Compensation for Coca-Cola’s top five executives last year ranged from $4.5 million to the $24.7 million paid to James Quincey, chairman and chief executive officer of the iconic, Atlanta-based company, according to the company’s annual proxy statement.
Quincey, who has been with the company since 1996, has been CEO since 2017 and chairman of the board since 2019. His compensation, like other top executives,’ came in a combination of base pay, supplemented by stock awards, option awards, incentive pay and contributions to pension plans.
Quincey received $1.6 million in base pay.
The other executives whose compensation was listed in the proxy include:
- John Murphy, the company’s president and CFO, who received $11.1 million, including $1.1 million in base pay.
- Manuel Arroyo, Coca-Cola’s executive vice president and global chief marketing officer, who was paid $6.7 million, including $689,585 in base pay.
- Henrique Braun, executive vice president and president of international development, who was paid $6.9 million, including $700,000 in base pay.
- Jennifer Mann, executive vice president and president of the North American operating unit, who received $4.5 million, including $695,250 in base pay.

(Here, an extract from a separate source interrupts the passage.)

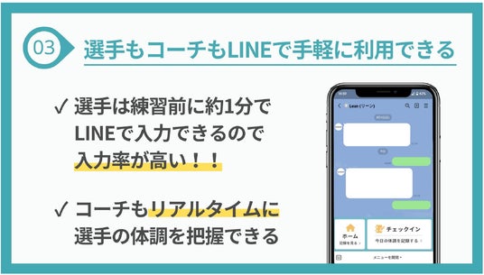 専用アプリのインストール不要で、選手もコーチもLINEから利用できます。 Lean sportsの便利な使い方や、月経周期それぞれの特徴など、女性アスリートのためのお役立ち情報も配信されます。

The company reported net revenues last year of $45.8 billion and net income of $10.7 billion.
Compensation is set by the company’s Talent and Compensation Committee, which consists of four members of the Coca-Cola board of directors: Helene Gayle, Carolyn Everson, Alexis Herman and Maria Elena Lagomasino. None is or has been an employee or officer of Coca-Cola, the company said.
In the proxy, the committee said compensation was set after considering a “comparator group” of other large, publicly traded companies, some of them also in the food and beverage business, like McDonald’s, Kraft Heinz, Procter & Gamble and Starbucks, but also some with little or no overlap to Coca-Cola’s business, like Abbott Laboratories, Archer-Daniels-Midland Company and Intel Corp.
A sampling of available data indicated that the compensation for Coca-Cola’s CEO ranks fairly high among the executives of that group.
A group that monitors — and criticizes — executive pay last year placed Quincey number 59th on the list of “the 100 most overpaid CEOs.” That was only three slots above PepsiCo’s CEO, Ramon Laguarta. From the comparator group, only Nike’s CEO ranked higher, coming in at 18th with compensation of $28.8 million.
Coca-Cola’s compensation committee wrote in the proxy that it did not intend to copy other companies. “This comparator group is used as a reference point, but compensation paid at other companies is only one factor in the decision-making process,” the committee wrote.
In 2022, American CEOs were paid 344 times as much as a typical worker, according to the Economic Policy Institute.
U.S. securities regulations now require that companies calculate the ratio between CEO pay and the compensation for the median paycheck of an employee. The Coca-Cola compensation committee wrote in the proxy that company’s median employee was “a part-time, hourly barista employed in the United Kingdom by Costa Limited,” which is a Coca-Cola subsidiary.
That median employee was paid $13,752 last year, the committee wrote. “Based on this information, for 2023, the ratio of the compensation of the CEO to the median annual total compensation of all other employees was estimated to be 1,799 to 1.”